Rail and car are the most prevalent modes for short-distance trips of less than 500 km. People strongly rely on the private car for middle-distance trips (between 500 km and 3 000 km) under both the Current Ambition and High Ambition scenarios. In contrast, air transportation accounts for most long-distance activity (i.e. trips longer than 3 000 km). In reality, although mode shift is a frequently cited policy objective, the switch to lower-emitting forms of transport has been slow to materialise (ITF, 2022[59]).
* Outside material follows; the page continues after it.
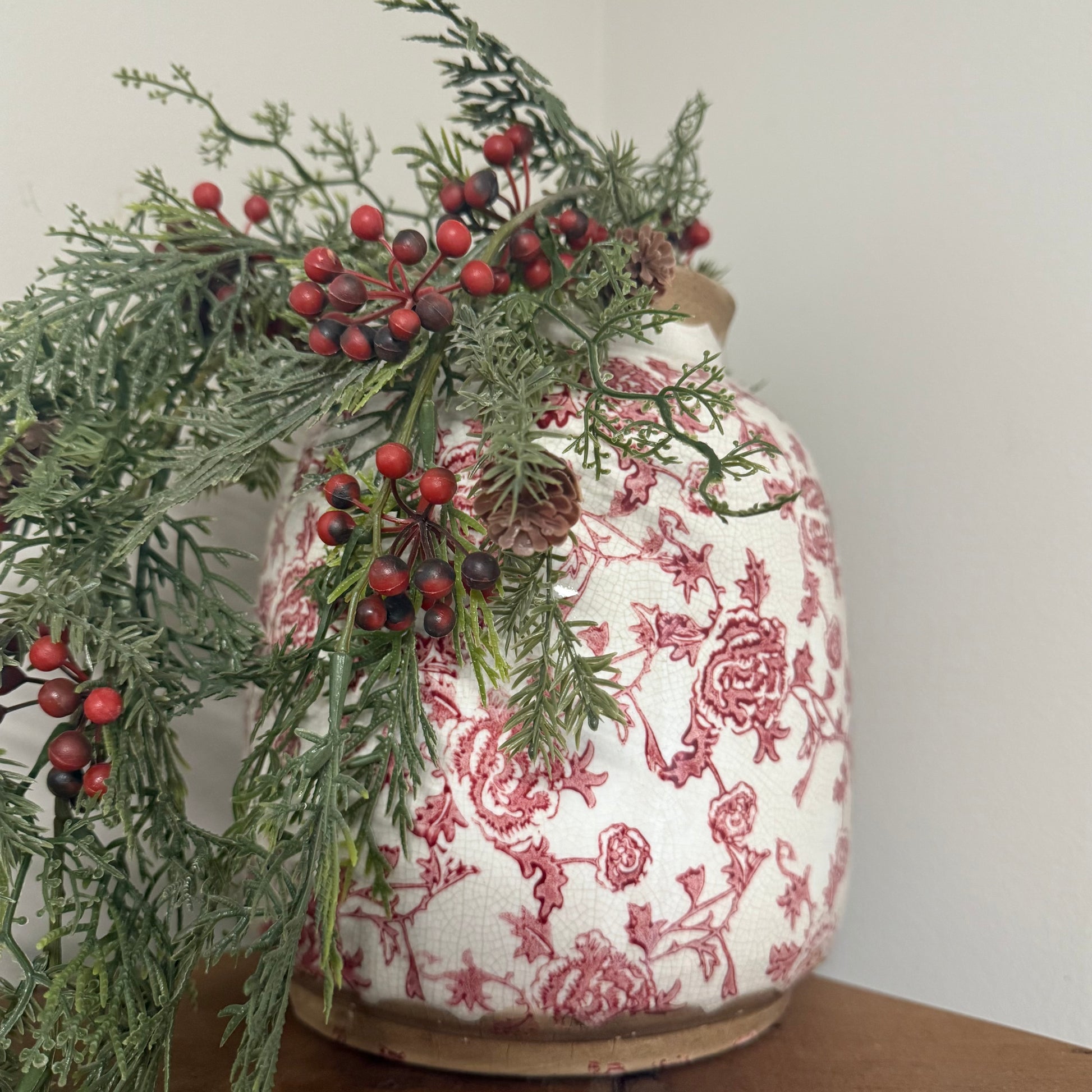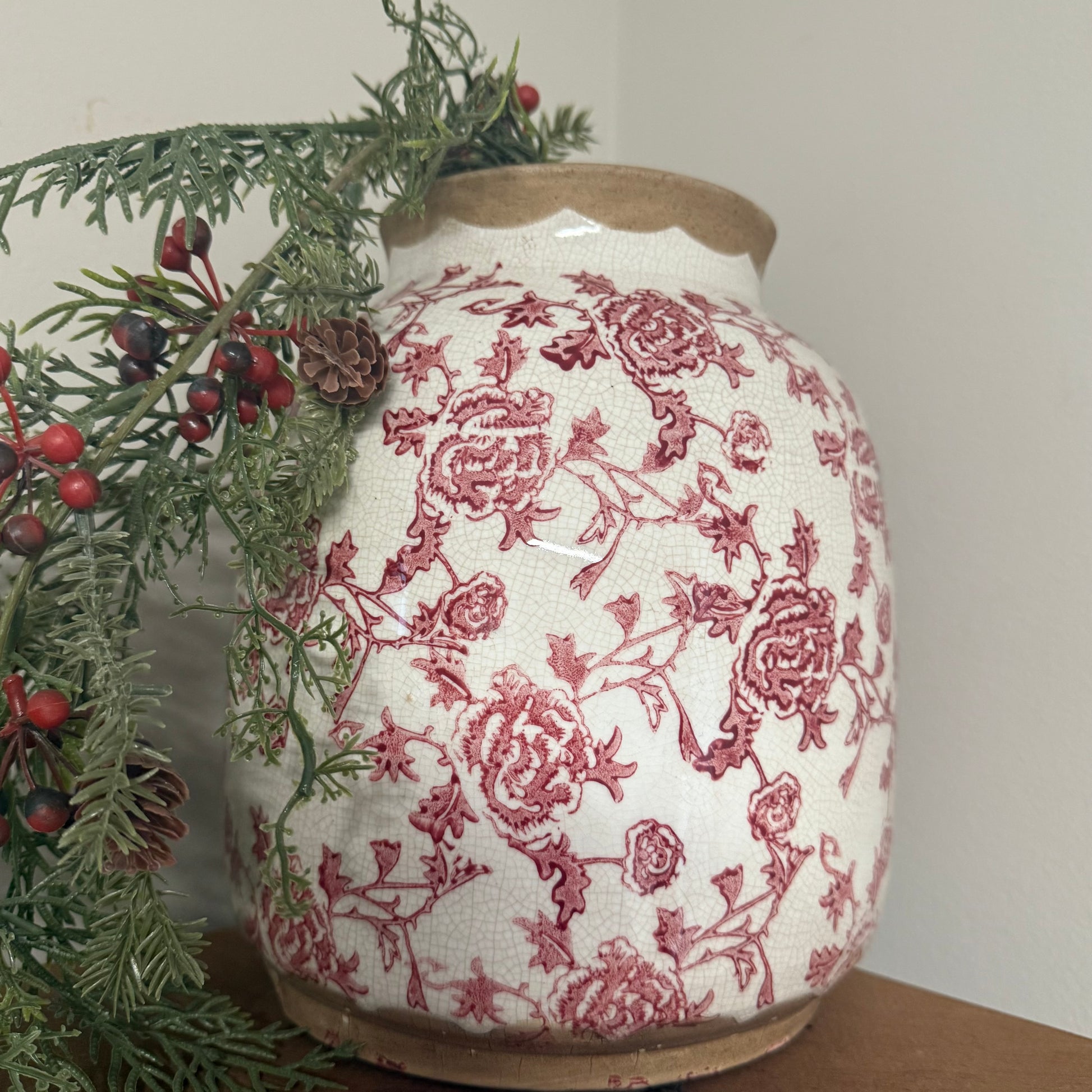 A rich red heritage vase that feels classic and timeless. Just add simple greenery or bare branches for an easy statement and change out each season. Vintage style details for rustic home decor lovers. Vase is perfectly imperfect.

Intercity and international trips of less than 500 km show the greatest variety of modes used, with rail transport, ferries, cars and motorbikes, buses and aviation all present in the modal mix. Even in 2019, collective surface transport modes met considerably higher shares of travel demand in this distance category, with around 29% of demand carried by intercity buses and a further 21% carried by rail. By 2050, collective surface modes could cover more than half of demand under both scenarios. Promoting mode shift for trips shorter than 500 km is more relevant in some regions than others.

Aviation is the most carbon-intensive transport mode. This reality makes a shift away from air travel a frequent candidate for intervention in decarbonisation discussions. Given the prevalence of alternative modes for short-distance trips, the High Ambition scenario for this Outlook includes a policy banning direct flights for distances shorter than 500 km where a good-quality rail alternative exists. Some countries are already considering such a measure to tackle carbon-intensive short-haul travel. For example, the European Union recently approved France’s banning of some domestic flights (EC, 2022[60]), although this measure only impacts three routes at present (Eccles, 2022[61]).

Implementing such a short-haul flight ban could potentially shift 49% of passenger-kilometres generated by short-haul flights to rail by 2050. However, reaching this figure relies on further expansion of the global rail network and improvements in the quality of intercity routes and connections between central railway stations and airports. This Outlook assumes that the global rail network expands to supply all viable connections from a demand and cost perspective, leading non-urban rail passenger-kilometres to increase by a factor of 2.8 between 2019 and 2050.

The effectiveness of a short-haul flight ban measure also varies by region. The highest potential impact could occur in ENEA, Europe and UCAN, where countries have, or plan to invest in, existing rail networks, meaning that availability and quality will increase over time. In these regions, the potential impact rises to roughly 64% of short-haul flight passenger-kilometres. In other regions, the lack of rail infrastructure presents a barrier to this measure taking effect.

Furthermore, short-distance travel accounts for less than 11% of international and intercity trips, and short-haul flights are 2.6% of total passenger-kilometres for air. Therefore, shifting passengers from short flights to rail would only affect 1.2% of the total passenger-kilometres generated by air travel. This result is based on the application of a ban when a reasonably low bar of good quality rail is available. If a high-speed alternative were required for the flight ban to take effect, the proportion of passenger-kilometres of short-haul flights affected would fall further to 3%, representing just 0.1% of total air passenger-kilometres.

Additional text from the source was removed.